NEW YORK (GenomeWeb) – The National Institutes of Health today announced it has selected 14 additional community partners for the Precision Medicine Initiative's (PMI) All of Us research program.
The PMI was launched in 2015 to gather genetic, health, lifestyle, and environmental information on one million people to fuel research into personalized healthcare. The All of Us program, formerly known as the PMI Cohort Program, is recruiting participants for this effort.
In July, the NIH selected the first four community partners for All of Us, which were tasked with raising awareness about the PMI among seniors, Hispanics and Latinos, African Americans, and the LGBTQ community.

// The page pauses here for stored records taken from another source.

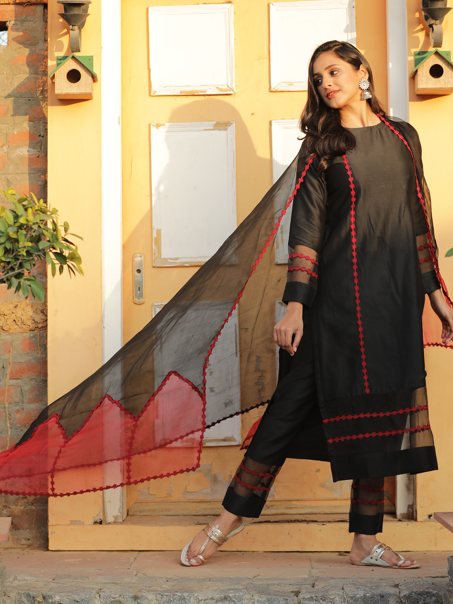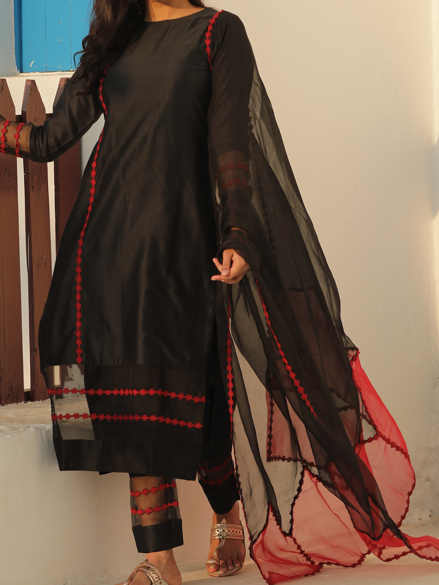 This red and black dual colored dupatta is made up of pure silk organza beautified with pure cotton embroidered lace all over the dupatta.
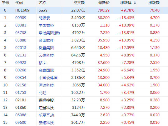 华盛资讯7月29日消息,SaaS板块普涨,截止发稿,中国有赞、明源云上涨18%;金山软件、微盟集团涨超13%;云想科技涨8%;移卡涨7%;金蝶国际涨6%,医渡科技涨4%。
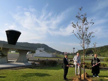 仮設の方々と一緒に手を合わせ植樹していた時、
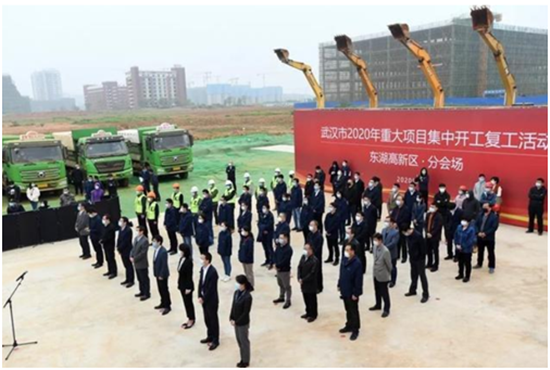 4月10日,武漢市在“解封”后,首次舉行重大項(xiàng)目集中開工復(fù)工活動(dòng)。在東湖高新區(qū)分會(huì)場(chǎng),14個(gè)項(xiàng)目集中開工,總投資額約138.9億元。
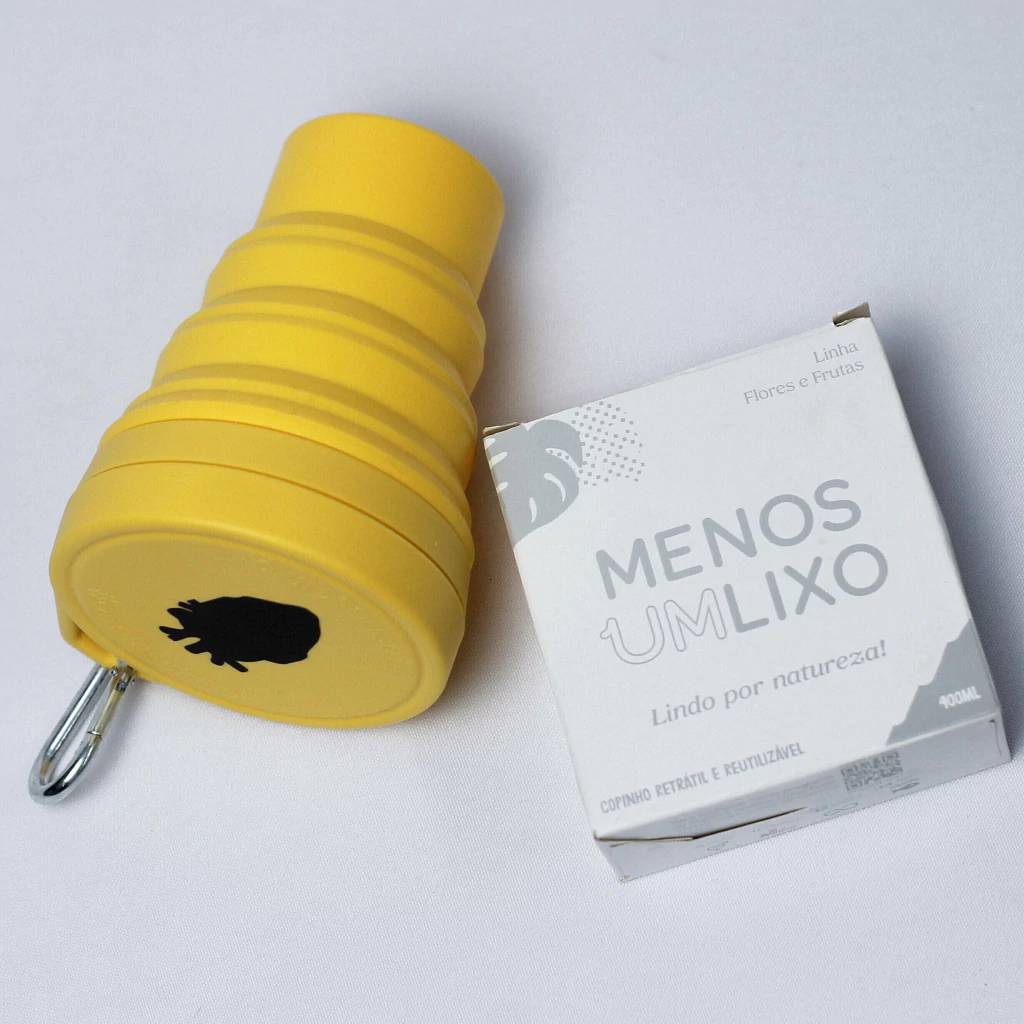 Copo retrátil de silicone 400ml de alta durabilidade e design moderno. No tamanho original comporta até 400 ml de líquidos ou alimentos e por ser dobrável, é reduzido a menos da metade do tamanho original, auxiliando no transporte. O material do copo é silicone de grau alimentício, livre de BPA, aprovado pela FDA e não tóxico. Não deixa gosto ou odor após o uso. Devido a sua resistência a altas temperaturas, pode ser fervido em água quente ou colocado na máquina de lavar louças. Possui tampa de abrir com perfeito vedamento e é fácil de limpar. O copo dobrável pode ser utilizado para tomar café para viagem, recipiente de bebidas geladas, caneca de escola para crianças, copo para o seu trabalho, entre outros. Este copo é reutilizável e ecologicamente correto, evitando o consumo de resíduos plásticos desnecessários.
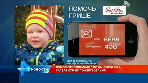 Помочь Грише видеть мир хотя бы одним глазом мы можем вместе. Всё, что сейчас нужно ребенку, — это ваше небезразличие. Для этого достаточно отправить сообщение на короткий номер 8888 и указать в нем сумму пожертвования — это может быть 100, 200 или 500 рублей. Средства сразу будут переведены на счет мальчика. Также вы можете прибегнуть к другим удобным для вас способам перечисления — например, воспользоваться кредитной картой, электронным кошельком или банковским переводом. Подробная инструкция, а также полный отчет о пожертвованных вами деньгах — на нашем сайте ren.tv. Спасибо всем тем, кто снова не остается равнодушным!

And in August, the NIH selected three networks of health provider organizations to help enroll and retain participants in All of Us.
The 14 national community groups and health care provider associations that have now partnered with the NIH will help raise awareness about All of Us. They will receive a combined $1 million to help educate their communities about precision medicine and the benefits of participating in the program.

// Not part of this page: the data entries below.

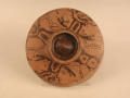 Додаток до назва (лист, ...): Відлога поверхня кришки розділена на дві частини. В кожній зображені повернені в профіль одна напроти одної дві голови амазонок. Волосся їх покрите головними уборами, прикрашеними смугою з чорних цяток. Між обличчями амазонок знизу - невеликий завиток. На закраїнці, яка звисає донизу - орнамент з ов. Внутрішня поверхня кришки покрита чорним лаком з коричневим віддтінком./Кількість: 1/Опис: Відлога поверхня кришки розділена на дві частини. В кожній зображені повернені в профіль одна напроти одної дві голови амазонок. Волосся їх покрите головними уборами, прикрашеними смугою з чорних цяток. Між обличчями амазонок знизу - невеликий завиток. На закраїнці, яка звисає донизу - орнамент з ов. Внутрішня поверхня кришки покрита чорним лаком з коричневим віддтінком.
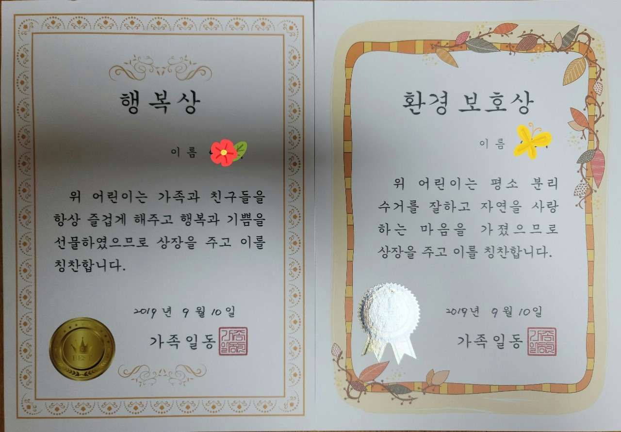 ◇ 칭찬을 종이로도 보여주세요(가족이 주는 상장)
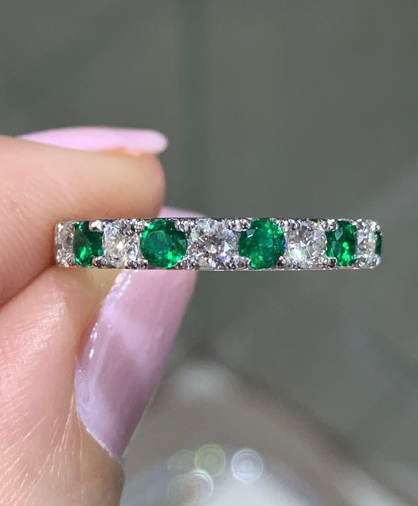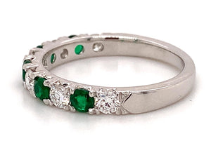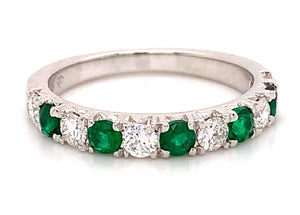 Alternating bands are fun and flirty! You can pretend it's a right hand ring or wear it as a wedding band - you decide one thing we know you will love the shine and dazzle of white diamonds and green emeralds.
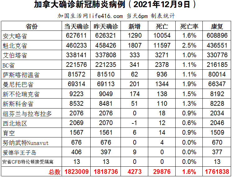 【加国生活网编译报道】截至2021年12月9日下午6点,加拿大新冠确诊病例总数为1823009(新增4273),死亡29876(新增24)。安省确诊总数627611(新增1290);魁省确诊总数460233(新增1807);艾省确诊总数338141(新增333);BC省确诊总数221576(新增341);萨省确诊总数81572(新增62);曼省确诊总数69314(新增201)。安省新增1290例确诊病例,创近六个半月以来单日最高记录,并确诊31例Omicron变异病毒病例;安省疫苗证明系统的结束日期将设为无限期,并要求所有疫苗证书都必须包含二维码;安省新冠科学组建议安省卫生部在达到一定感染水平的学校和工作场所等环境中实施自愿快速检测。加国生活网专门制作了如下统计数据表:

"We want to build long-term relationships with our participants based on transparency and trust. These organizations will help us in that effort," Eric Dishman, director of the All of Us program, said in a statement. "We will look to them for input about what their communities want and need, as we work to create a research program that's meaningful for researchers and participants alike."

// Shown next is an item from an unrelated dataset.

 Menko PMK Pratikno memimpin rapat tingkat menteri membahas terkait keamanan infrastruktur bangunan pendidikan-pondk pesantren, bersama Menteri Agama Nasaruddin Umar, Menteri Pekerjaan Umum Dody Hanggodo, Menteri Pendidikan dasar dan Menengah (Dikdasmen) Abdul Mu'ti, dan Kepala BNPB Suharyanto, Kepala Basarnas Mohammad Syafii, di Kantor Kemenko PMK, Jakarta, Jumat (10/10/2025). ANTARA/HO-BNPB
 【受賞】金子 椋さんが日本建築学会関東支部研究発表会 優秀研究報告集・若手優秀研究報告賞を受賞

The organizations include the American Academy of Family Physicians in Leawood, Kansas; the American Academy of HIV Medicine, the American Association of Colleges of Nursing, the Black Women's Health Imperative, the Cobb Institute, the League of United Latin American Citizens, the National Hispanic Medical Association, the National Minority Quality Forum, and UnidosUS, all in Washington, DC; the American Medical Association in Chicago; the Arab Community Center for Economic and Social Services in Dearborn, Michigan; the Asian & Pacific Islander American Health Forum in Oakland, California; the Association of Nurses in AIDS Care in Uniontown, Ohio; and the National Baptist Convention in Nashville, Tennessee.
"The organizations will conduct a variety of activities as part of their involvement in the program, which may include holding events, gathering public input, training program ambassadors, leading social media campaigns, developing additional messaging that speaks to the value of participation for their communities and offering continuing education credits for health care providers," added Ronnie Tepp, HCM's principal investigator.